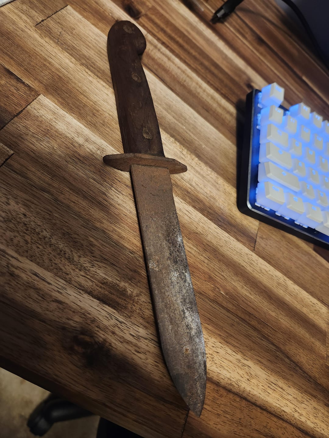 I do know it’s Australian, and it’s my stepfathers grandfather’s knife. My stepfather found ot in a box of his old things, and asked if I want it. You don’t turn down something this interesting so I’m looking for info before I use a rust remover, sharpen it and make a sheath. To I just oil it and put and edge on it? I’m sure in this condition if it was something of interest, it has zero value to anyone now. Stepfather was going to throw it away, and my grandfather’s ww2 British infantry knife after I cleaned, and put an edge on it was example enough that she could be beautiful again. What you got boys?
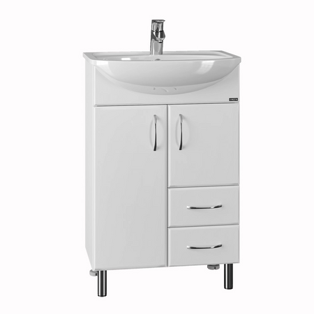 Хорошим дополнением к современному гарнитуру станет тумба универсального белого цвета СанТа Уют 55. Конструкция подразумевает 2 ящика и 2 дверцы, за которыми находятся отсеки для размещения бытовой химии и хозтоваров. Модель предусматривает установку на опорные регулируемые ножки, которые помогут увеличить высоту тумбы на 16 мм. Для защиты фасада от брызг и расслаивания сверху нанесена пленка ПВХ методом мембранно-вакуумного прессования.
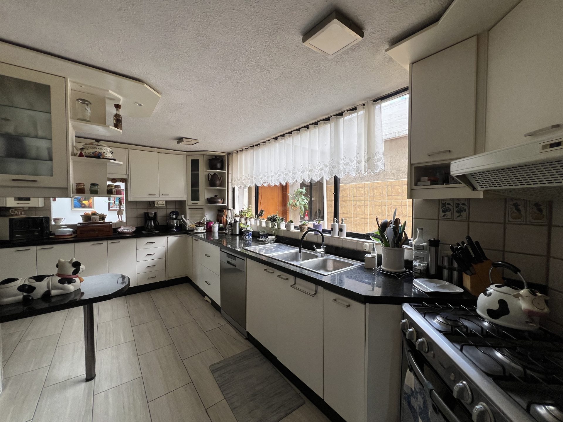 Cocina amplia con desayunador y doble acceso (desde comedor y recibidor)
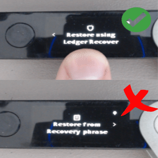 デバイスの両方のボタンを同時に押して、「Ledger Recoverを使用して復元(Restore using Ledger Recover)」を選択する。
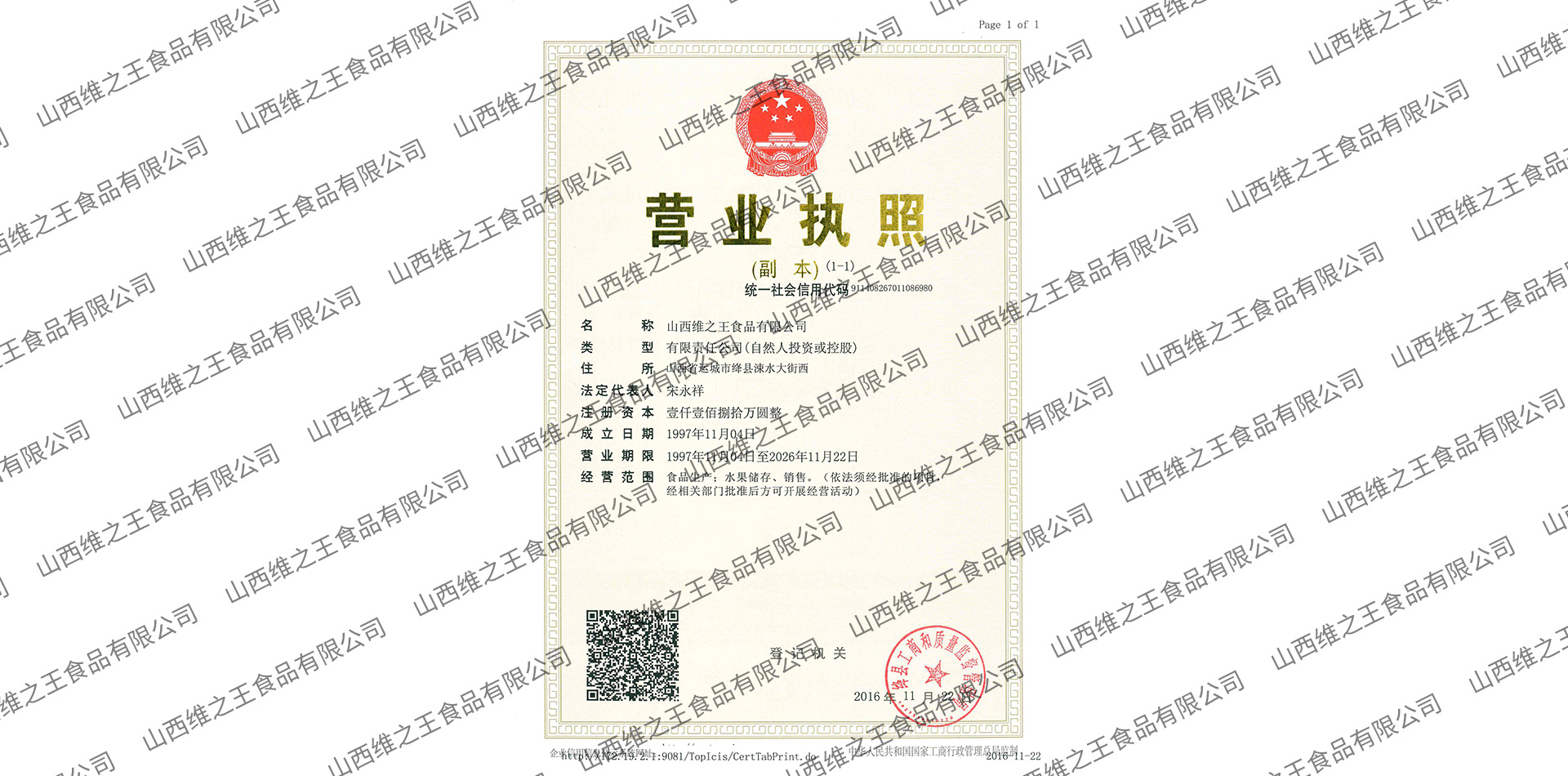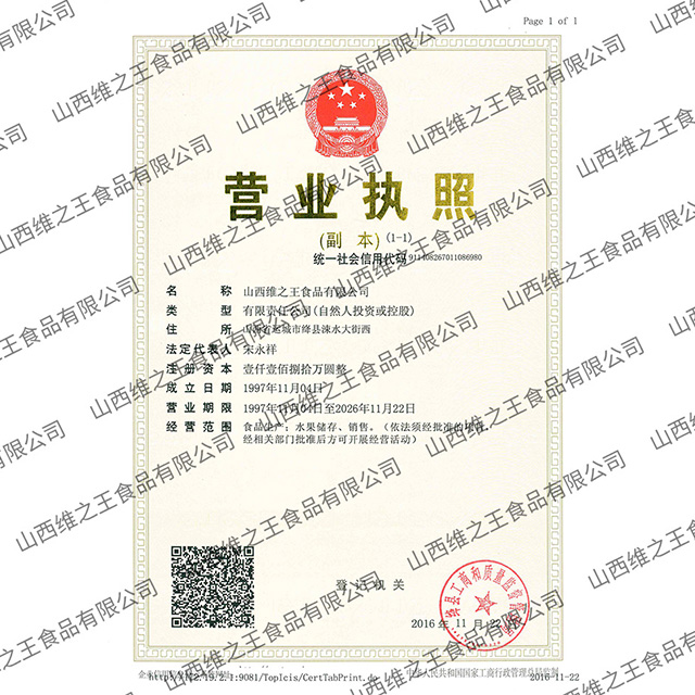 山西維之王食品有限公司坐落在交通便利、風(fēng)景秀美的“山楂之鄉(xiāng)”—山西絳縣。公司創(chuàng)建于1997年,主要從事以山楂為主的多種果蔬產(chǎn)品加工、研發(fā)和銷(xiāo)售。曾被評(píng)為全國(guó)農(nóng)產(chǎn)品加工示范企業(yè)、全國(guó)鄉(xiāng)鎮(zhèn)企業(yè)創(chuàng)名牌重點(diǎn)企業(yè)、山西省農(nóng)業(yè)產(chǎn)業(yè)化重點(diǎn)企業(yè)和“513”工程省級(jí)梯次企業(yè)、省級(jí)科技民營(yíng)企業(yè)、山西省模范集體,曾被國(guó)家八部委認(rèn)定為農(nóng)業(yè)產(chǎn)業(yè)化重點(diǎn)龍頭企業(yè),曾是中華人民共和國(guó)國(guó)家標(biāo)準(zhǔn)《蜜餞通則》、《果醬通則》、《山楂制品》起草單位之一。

▶ Work to be completed:
Please quote the records above exactly, beginning at the line that contains "デバイスの両方のボタンを同時に押して、「Ledger Recoverを使用して復元(Restore using" and ending at their last line. Leave the pictures out.

▶ Result:
 デバイスの両方のボタンを同時に押して、「Ledger Recoverを使用して復元(Restore using Ledger Recover)」を選択する。
 山西維之王食品有限公司坐落在交通便利、風(fēng)景秀美的“山楂之鄉(xiāng)”—山西絳縣。公司創(chuàng)建于1997年,主要從事以山楂為主的多種果蔬產(chǎn)品加工、研發(fā)和銷(xiāo)售。曾被評(píng)為全國(guó)農(nóng)產(chǎn)品加工示范企業(yè)、全國(guó)鄉(xiāng)鎮(zhèn)企業(yè)創(chuàng)名牌重點(diǎn)企業(yè)、山西省農(nóng)業(yè)產(chǎn)業(yè)化重點(diǎn)企業(yè)和“513”工程省級(jí)梯次企業(yè)、省級(jí)科技民營(yíng)企業(yè)、山西省模范集體,曾被國(guó)家八部委認(rèn)定為農(nóng)業(yè)產(chǎn)業(yè)化重點(diǎn)龍頭企業(yè),曾是中華人民共和國(guó)國(guó)家標(biāo)準(zhǔn)《蜜餞通則》、《果醬通則》、《山楂制品》起草單位之一。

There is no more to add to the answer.